• **AIM OF THE EXERCISE**: For this exercise, output the entries below exactly from the line that holds "后来她的病友发来一张聊天记录" to the line that holds "La sezione 'Cycle", both ends included. No pictures belong in the copy.

• **RECORDS TO USE**:
---+---

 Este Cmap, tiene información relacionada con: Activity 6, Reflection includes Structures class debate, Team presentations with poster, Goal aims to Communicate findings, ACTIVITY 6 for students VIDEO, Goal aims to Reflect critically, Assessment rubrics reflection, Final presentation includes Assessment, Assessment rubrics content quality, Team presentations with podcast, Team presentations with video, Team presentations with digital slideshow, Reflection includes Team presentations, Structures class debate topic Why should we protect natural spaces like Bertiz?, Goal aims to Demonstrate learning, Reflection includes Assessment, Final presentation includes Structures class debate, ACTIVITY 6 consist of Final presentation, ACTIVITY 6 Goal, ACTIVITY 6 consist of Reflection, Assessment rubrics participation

---+---

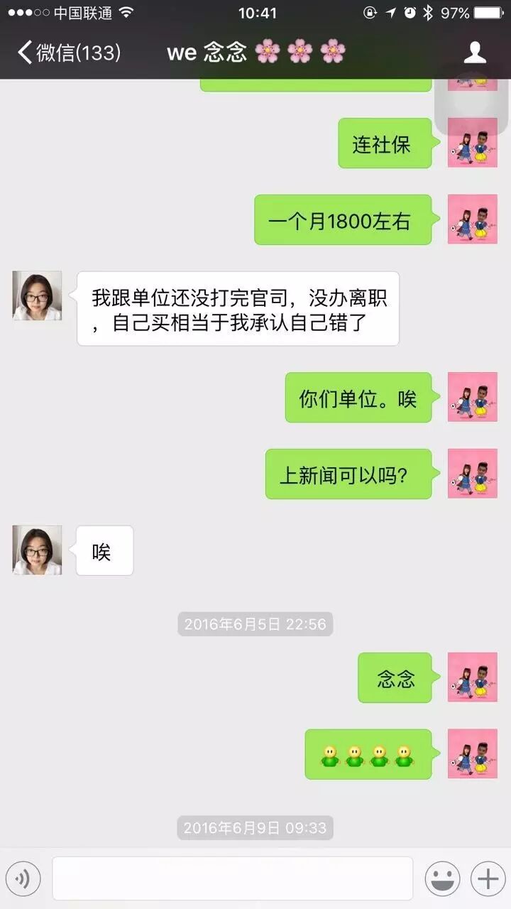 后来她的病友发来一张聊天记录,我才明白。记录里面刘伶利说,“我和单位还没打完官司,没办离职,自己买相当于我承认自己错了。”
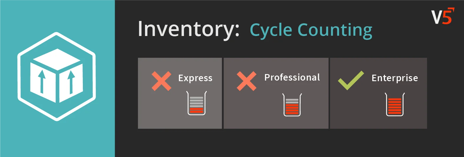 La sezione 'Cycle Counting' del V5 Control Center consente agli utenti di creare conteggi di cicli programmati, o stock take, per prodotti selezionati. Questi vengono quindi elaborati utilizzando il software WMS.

---+---

• **SOLUTION TO THIS TASK**:
 后来她的病友发来一张聊天记录,我才明白。记录里面刘伶利说,“我和单位还没打完官司,没办离职,自己买相当于我承认自己错了。”
 La sezione 'Cycle Counting' del V5 Control Center consente agli utenti di creare conteggi di cicli programmati, o stock take, per prodotti selezionati. Questi vengono quindi elaborati utilizzando il software WMS.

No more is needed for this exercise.